Von Beginn an ist das Pipeline-Projekt Nord Stream 2 begleitet gewesen von einem gehörigen Maß an Realitätsverweigerung. Zunächst tat die schwarz-rote Bundesregierung so, als handele es sich bei der neuen Gasleitung durch die Ostsee um ein rein wirtschaftliches Vorhaben. Erst, als die Konflikte innerhalb der Europäischen Union, mit der Ukraine und mit den USA nicht mehr zu ignorieren waren, räumte Bundeskanzlerin Angela Merkel geopolitische Nebenwirkungen ein. Seit es nun einen Kompromiss mit den USA gibt und die Pipeline fertig ist, tut die noch amtierende Bundesregierung so, als habe sich das Problem in Luft aufgelöst. Dabei ist es noch da. Unübersehbar liegt es auf dem Tisch bei den Koalitionsverhandlungen.

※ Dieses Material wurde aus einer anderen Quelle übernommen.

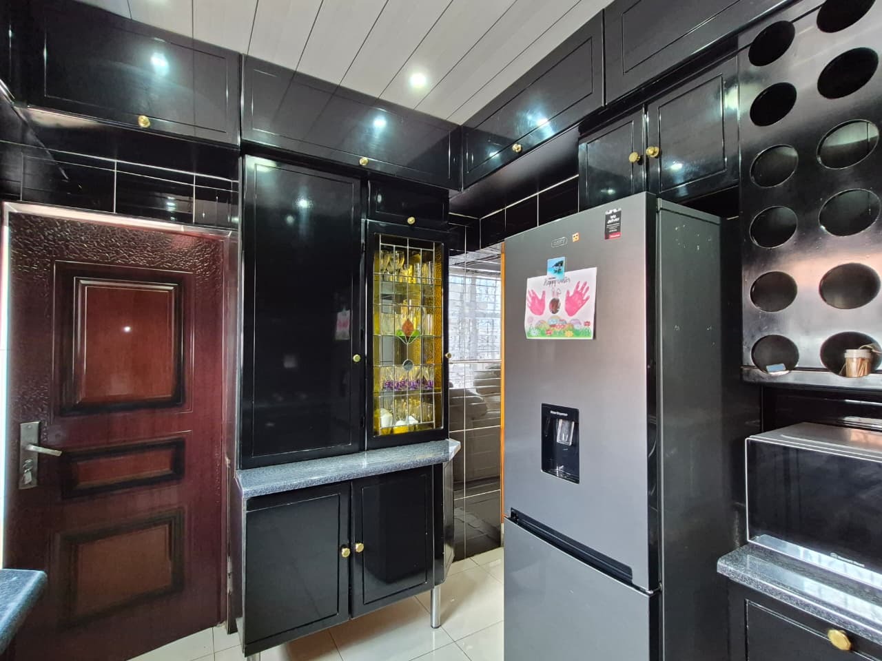 Step inside to a comfortable interior designed for practical living. The spacious lounge and dining room are adorned with light blue textured walls, durable tiled flooring, and feature recessed ceiling lights with crown molding, creating a pleasant ambiance. Large windows, fitted with both sheer and block-out curtains, ensure ample natural light throughout these living spaces. The heart of the home is its modern kitchen, showcasing sleek black cabinetry, dark countertops, and a black tiled backsplash.

Mit ihrer Feststellung, Nord Stream 2 dürfe keine Betriebsgenehmigung erhalten, hat Grünen-Chefin Annalena Baerbock allerdings weniger Klarheit bewirkt, als es den Anschein hat. Die Betriebsgenehmigung wird nämlich weder von der noch amtierenden noch von der künftigen Bundesregierung erteilt. Sie hängt davon ab, ob EU-Regeln eingehalten sind. Zu befinden hat darüber die Bundesnetzagentur. SPD-Kanzlerkandidat Olaf Scholz hat deshalb schon zu verstehen gegeben, dass hier doch eigentlich nur noch das Behördenverfahren seinen Lauf nehmen muss.

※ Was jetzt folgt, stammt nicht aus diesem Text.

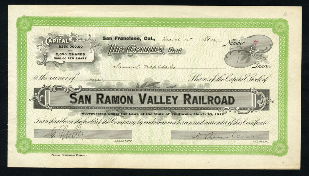 San Francisco, California. 1 Share, I/U, Black with green border, no vignette, S/N 7, VF-XF condition, Unlisted railroad in Cox. Rare and attractive California railroad. This is the stock certificate that is photographed in Cox. Very possibly unique.

Doch ganz so ist das nicht. Natürlich ist es in dem Verfahren nicht egal, ob die künftige Bundesregierung Nord Stream 2 als harmlose Pipeline einstuft oder als Gefahr für die europäische Energiesicherheit. Außerdem müssen sich die Koalitionäre Gedanken darüber machen, wie sie ein Versprechen der noch amtierenden Bundesregierung einzulösen gedenken. Diese hat zugesagt, die Ukraine zu unterstützen und es Russland nicht durchgehen zu lassen, falls es Energie als Waffe einsetzt. Grüne und FDP haben im Wahlkampf eine klare Haltung gegenüber Moskau verlangt. In den Koalitionsverhandlungen können sie zeigen, was sie damit meinen.